* [PROBLEM TO SOLVE] Using the material below, repeat exactly the lines from the one with "アガパンサスの涼やかな立ち姿、緑の中に爽快な紫色が目を引きますね✨" through the one with "should be proud", ends included, without any images.

* [MATERIAL FOR THIS TASK]
►

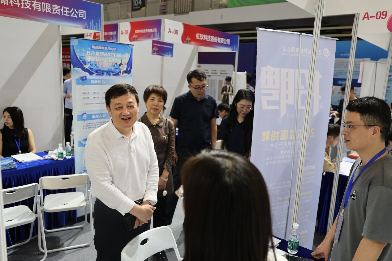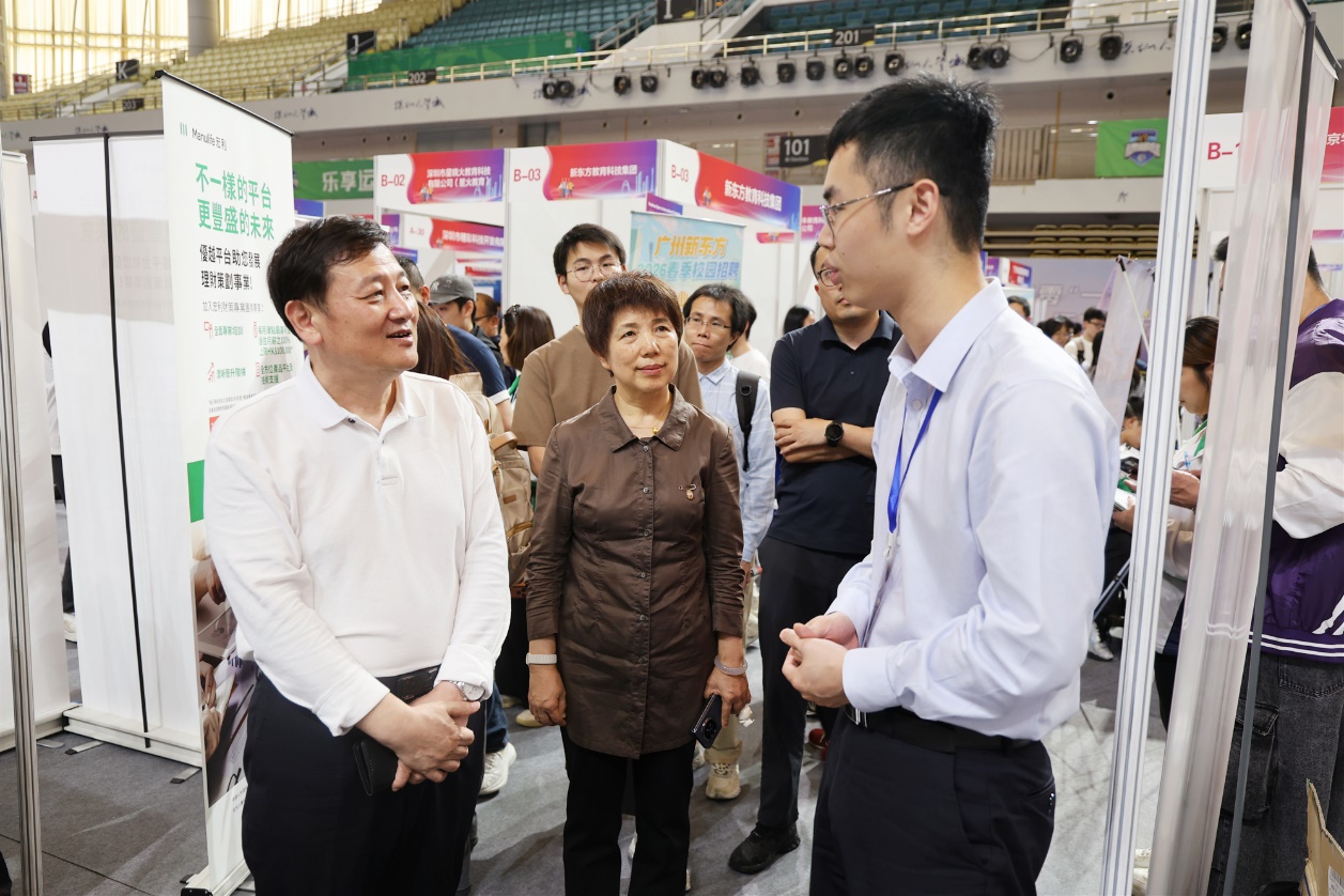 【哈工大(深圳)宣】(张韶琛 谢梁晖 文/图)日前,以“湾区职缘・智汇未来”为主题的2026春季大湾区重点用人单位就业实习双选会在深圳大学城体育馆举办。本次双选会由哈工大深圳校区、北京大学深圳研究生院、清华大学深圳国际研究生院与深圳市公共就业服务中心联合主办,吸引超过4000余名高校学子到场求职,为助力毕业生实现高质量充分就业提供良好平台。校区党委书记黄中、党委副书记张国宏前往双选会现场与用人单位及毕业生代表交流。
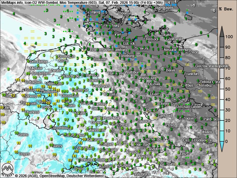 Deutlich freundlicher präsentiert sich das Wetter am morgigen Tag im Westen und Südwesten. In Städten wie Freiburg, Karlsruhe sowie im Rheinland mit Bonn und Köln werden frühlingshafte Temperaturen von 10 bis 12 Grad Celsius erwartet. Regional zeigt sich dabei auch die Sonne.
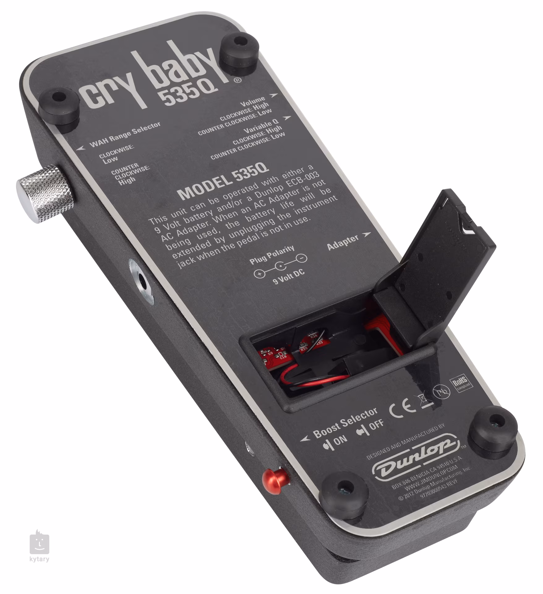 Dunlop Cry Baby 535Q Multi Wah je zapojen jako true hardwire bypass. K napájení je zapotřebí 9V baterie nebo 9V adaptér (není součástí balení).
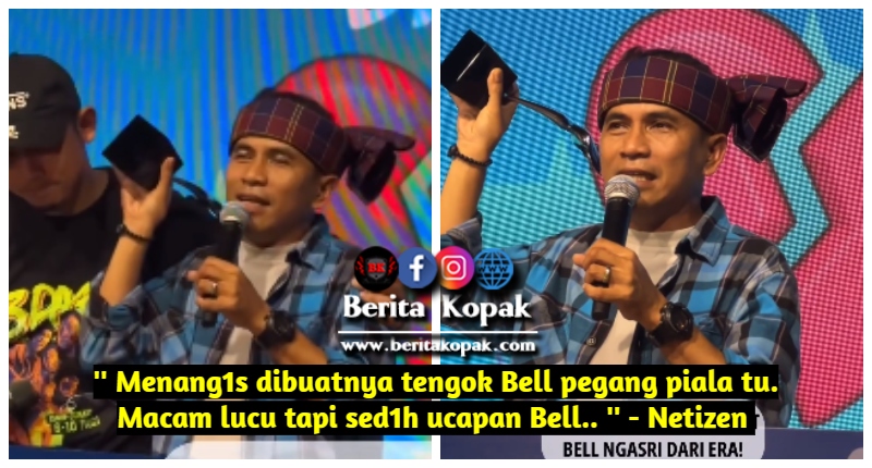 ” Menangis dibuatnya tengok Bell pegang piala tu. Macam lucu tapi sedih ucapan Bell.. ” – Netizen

◄
►

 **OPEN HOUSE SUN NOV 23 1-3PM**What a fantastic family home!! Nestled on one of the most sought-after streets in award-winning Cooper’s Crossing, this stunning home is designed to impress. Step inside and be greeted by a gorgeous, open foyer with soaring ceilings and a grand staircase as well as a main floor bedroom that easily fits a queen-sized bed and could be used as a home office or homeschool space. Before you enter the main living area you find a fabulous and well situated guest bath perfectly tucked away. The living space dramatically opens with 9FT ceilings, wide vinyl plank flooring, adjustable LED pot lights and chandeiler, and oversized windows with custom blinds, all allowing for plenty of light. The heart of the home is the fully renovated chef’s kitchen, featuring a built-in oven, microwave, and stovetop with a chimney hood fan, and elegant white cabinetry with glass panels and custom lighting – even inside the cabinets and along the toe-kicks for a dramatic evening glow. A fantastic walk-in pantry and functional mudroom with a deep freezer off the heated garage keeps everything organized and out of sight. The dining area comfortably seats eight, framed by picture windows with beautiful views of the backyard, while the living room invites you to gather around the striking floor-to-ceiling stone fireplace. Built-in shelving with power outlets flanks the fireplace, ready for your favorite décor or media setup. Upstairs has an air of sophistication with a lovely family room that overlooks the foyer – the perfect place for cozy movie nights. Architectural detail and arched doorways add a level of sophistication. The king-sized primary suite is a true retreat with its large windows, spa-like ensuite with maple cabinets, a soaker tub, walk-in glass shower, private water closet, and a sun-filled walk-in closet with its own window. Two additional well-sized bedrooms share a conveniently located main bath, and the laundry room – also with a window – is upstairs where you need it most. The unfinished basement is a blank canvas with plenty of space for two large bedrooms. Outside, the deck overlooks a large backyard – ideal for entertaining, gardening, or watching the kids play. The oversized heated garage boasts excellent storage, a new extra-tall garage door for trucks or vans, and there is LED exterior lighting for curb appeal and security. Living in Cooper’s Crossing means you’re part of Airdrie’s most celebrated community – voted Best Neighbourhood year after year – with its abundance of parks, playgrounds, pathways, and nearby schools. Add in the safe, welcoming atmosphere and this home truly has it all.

◄
►

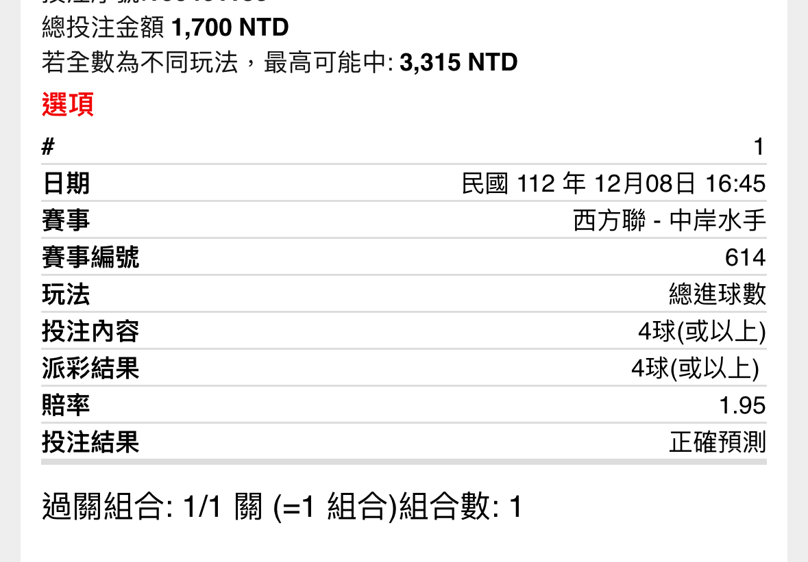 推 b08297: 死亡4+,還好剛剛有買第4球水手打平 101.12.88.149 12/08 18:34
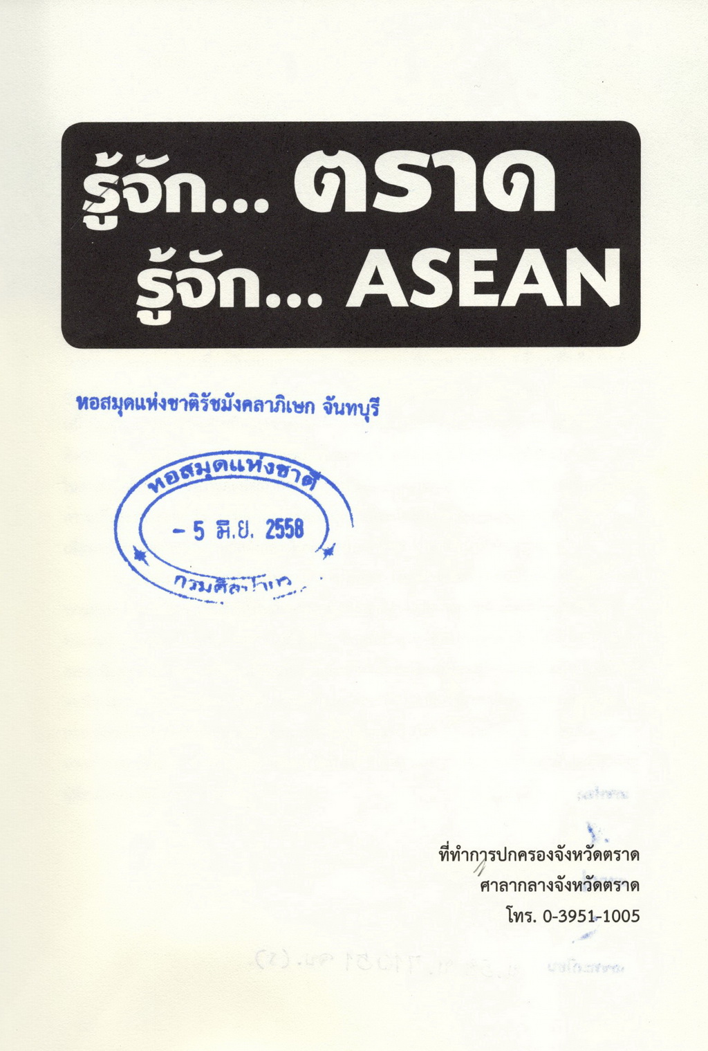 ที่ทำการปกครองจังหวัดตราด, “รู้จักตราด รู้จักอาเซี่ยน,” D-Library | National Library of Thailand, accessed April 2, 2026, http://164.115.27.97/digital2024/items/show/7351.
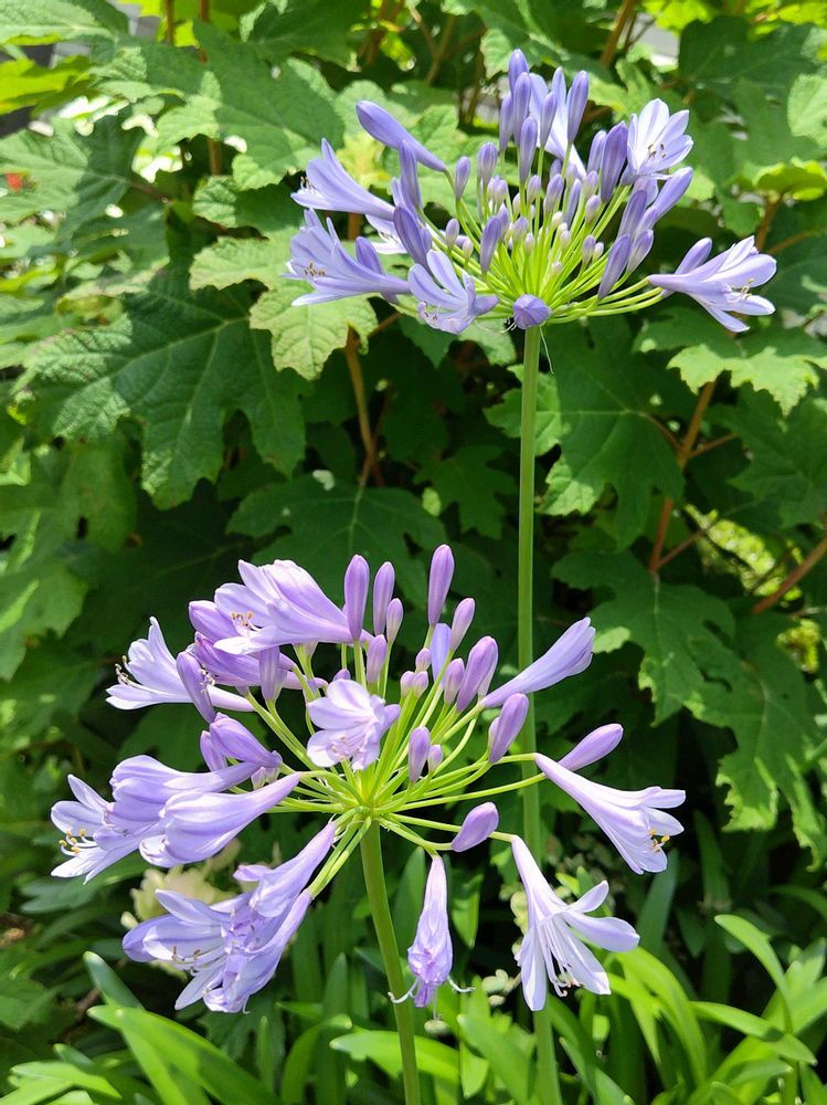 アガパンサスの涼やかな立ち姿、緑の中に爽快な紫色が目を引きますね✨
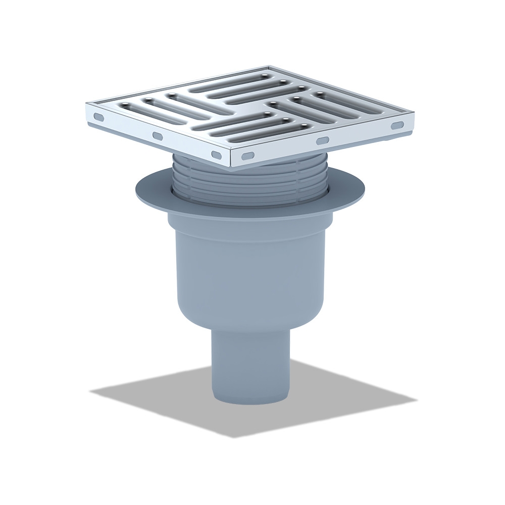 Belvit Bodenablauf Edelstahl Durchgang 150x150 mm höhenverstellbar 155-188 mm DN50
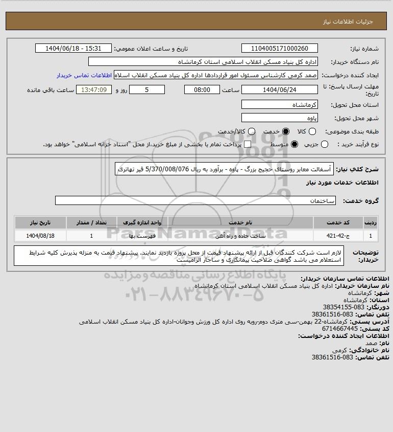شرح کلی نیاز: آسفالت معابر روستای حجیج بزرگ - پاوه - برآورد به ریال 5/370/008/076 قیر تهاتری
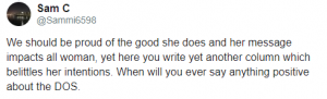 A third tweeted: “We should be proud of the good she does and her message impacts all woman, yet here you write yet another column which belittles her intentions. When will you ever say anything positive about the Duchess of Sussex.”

◄

* [TASK ANSWER]
 アガパンサスの涼やかな立ち姿、緑の中に爽快な紫色が目を引きますね✨
 Belvit Bodenablauf Edelstahl Durchgang 150x150 mm höhenverstellbar 155-188 mm DN50
شرح کلی نیاز: آسفالت معابر روستای حجیج بزرگ - پاوه - برآورد به ریال 5/370/008/076 قیر تهاتری
 A third tweeted: “We should be proud of the good she does and her message impacts all woman, yet here you write yet another column which belittles her intentions. When will you ever say anything positive about the Duchess of Sussex.”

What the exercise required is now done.